There is much work to do still with these archives—Brent Davis and Anthony Bronzo just this past year in the last eight months made a brilliant breakthrough in how the over 200,000 cigarette carton notecards relate to Kober’s Brooklyn College notebooks and how transferring the data analytically from one to the other led to her discovery of the sign groups appearing as triples, which we now know, as Ventris ascertained, are Cretan place names and their masculine and feminine adjectival forms. Using the PASP archives has produced, since Margalit Fox’s sensational book on Kober’s work, The Riddle of the Labyrinth (2013), the following:
Ciphers – An Opera (2023)
by Bernadine Corrigan
‘Ciphers’ tells the true story of two brilliant and complex people, Michael Ventris and Alice Kober, and their quest to decipher the ancient script known as Linear B. It is a story of clashing personalities, thwarted ambition, success and tragedy. The opera uses dramatic reconstruction, comedy and mythical fantasy to reveal the fascinating lives of two extraordinary people.’
Music by Greg Arrowsmith
Libretto by Bernadine Corrigan
Cast
Michael Ventris – Henry Ross (voice); Simon Stallard
Alice Kober – Katharine Taylor-Jones
Theseus – Benjamin Noble
Ariadne – Alice Johnston
Sir John Myres – Graeme Danby
Michael’s Mother – Camilla Jeppeson
Directed by – Elaine Tyler Hall
Director of Photography – Bjorn Ventris
Camera Operator – George Petais
Edited by – Bjorn Ventris
Sound Engineer – Anthony Galatis
Costume – Hannah Heaf
Producers – Bernadine Corrigan & Patrick Thompson
Deciphering the Silence: A Literary Journey to Alice E. Kober
By Regina Dürig
In the autumn of 2017, Regina Dürig visited PASP to complete her dissertation, Deciphering the Silence: A Literary Journey to Alice E. Kober. In it, she explored Kober’s life in creative ways, taking a literary journey with her in order to start ‘deciphering the silence’.
For the PASP website, she authored a piece about her visit to Austin, Texas, and her work at PASP.
More about Regina’s research and other works can be found at this interview with the Swiss Consulate of New York.
The Grid
by Eli Payne Mandel
The American edition of Eli Mandel’s brilliant tri-sequenced 92-page narrative poem, The Grid, has just appeared. It focuses for its first forty-seven pages on Kober’s life and work.

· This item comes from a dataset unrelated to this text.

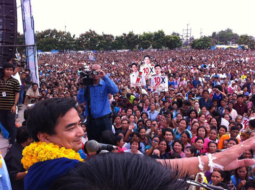 พร้อมกันนี้ นายอภิสิทธิ์ ยังย้ำไม่กังวลเรื่องการต่อรอง ถ้าประชาชนเลือกให้เด็ดขาด ปัญหาการต่อรองก็ไม่มี ซึ่งวันนี้ยังเป็นเรื่องระหว่างพรรคการเมืองเท่านั้น พร้อมระบุว่า ไม่ทราบว่า พ.ต.ท.ทักษิณ ชินวัตร อดีตนายกรัฐมนตรี ต่อสายหาพรรคใด แต่พรรคประชาธิปัตย์ ต่อสายกับประชาชน ซึ่งสิ่งที่พูดว่า ไม่เคยยุ่งเกี่ยวกับการเมืองนั้น ถามกลับไปว่า แนวคิดที่ว่า ทักษิณคิด เพื่อไทยทำ นั้น คืออะไร อย่างไรก็ตาม ย้ำว่าวันนี้ประชาธิปัตย์ ต่อสายกับประชาชน และจะได้ 250 เสียง อย่างแน่นอน
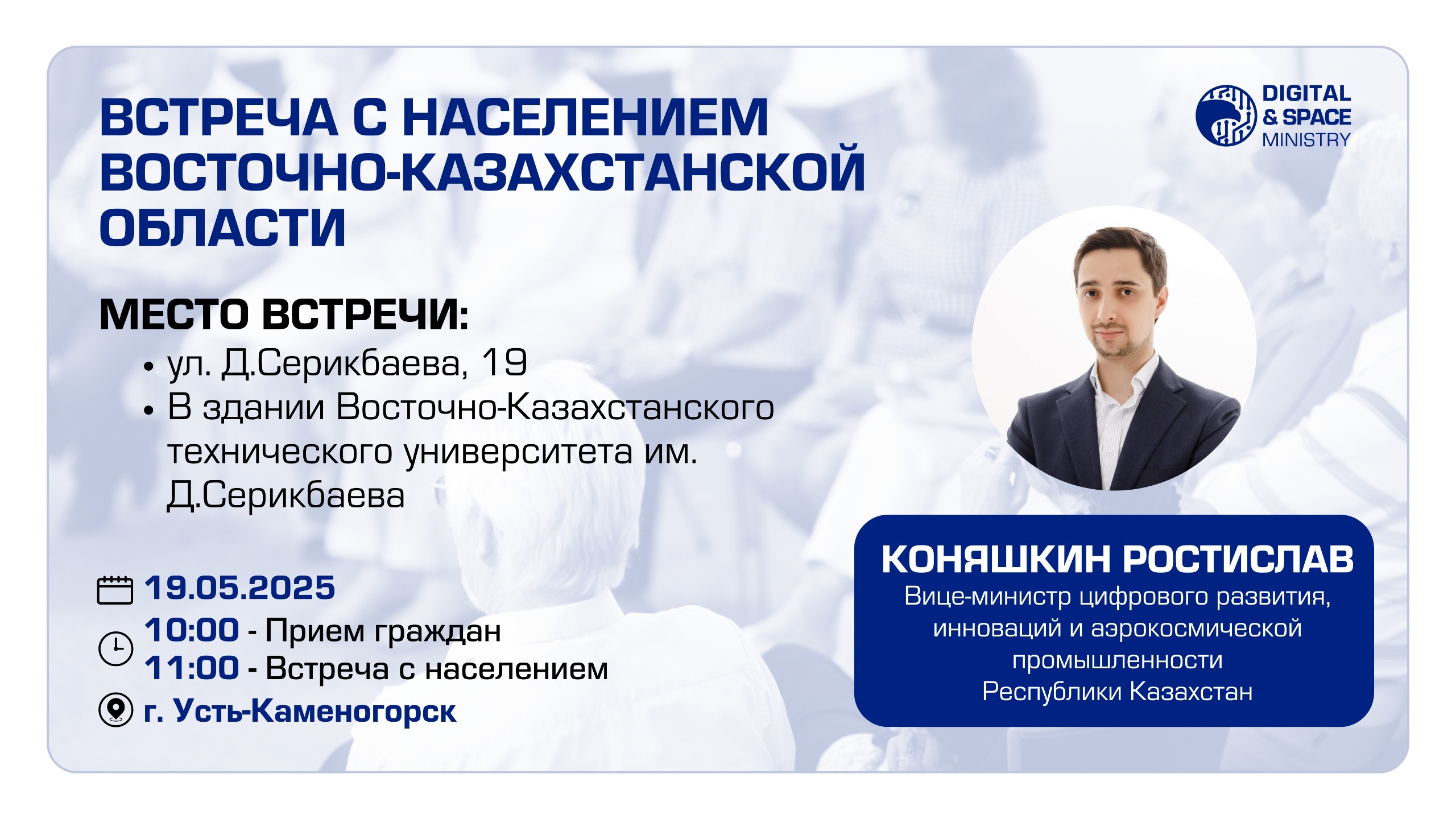 ҚР Цифрлық даму, инновациялар және аэроғарыш өнеркәсібінің вице-министрі Коняшкин Ростислав Анатольевич 19 мамырда сағат 10.00-де Д.Серікбаев атындағы Шығыс Қазақстан техникалық университеті ғимаратында министрліктің құзыретіне кіретін мәселелер бойынша Шығыс Қазақстан облысының азаматтарын қабылдайды және сағат 11:00-де тұрғындармен кездесу өткізеді (мекен-жайы: Өскемен қаласы, Д.Серікбаев көшесі, 19).

Released by the UK based press Carcanet in late 2023, The Grid was named The Telegraph’s Poetry Book of the month August 2023. From the publisher’s website, The Grid’s abstract reads:
“The Grid is about the end of worlds, ancient and modern. In three sequences of poems interspersed with Mandel’s own translations from classical texts, figures of obsession and loneliness try to decrypt what Maurice Blanchot called ‘the writing of the disaster’. Like a detective novel, the title sequence pieces together archival fragments into a lyric essay about Alice Kober, the half-forgotten scholar behind the decipherment of the ancient writing system called Linear B. Across different wartimes, Mandel adapts the typography and formatting of archived papers, their overlaps and errors and aporias, which compel readers to invest creatively in the very act of reading, learning new ways into language as they go.”
“I Pity the Poor Immigrant: Celebrating the Gradually Un-forgotten Life and Work of Alice Elizabeth Kober”
May 21/22, 2023 National Archaeology Week 2023 at Macquarie University, Australia
Tom Palaima delivered an opening Key-Note Lecture in connection with the exhibition Mysteries Revisited: From Ancient Codes to Comic Culture. The exhibition featured original research materials of Alice Kober from the PASP archives.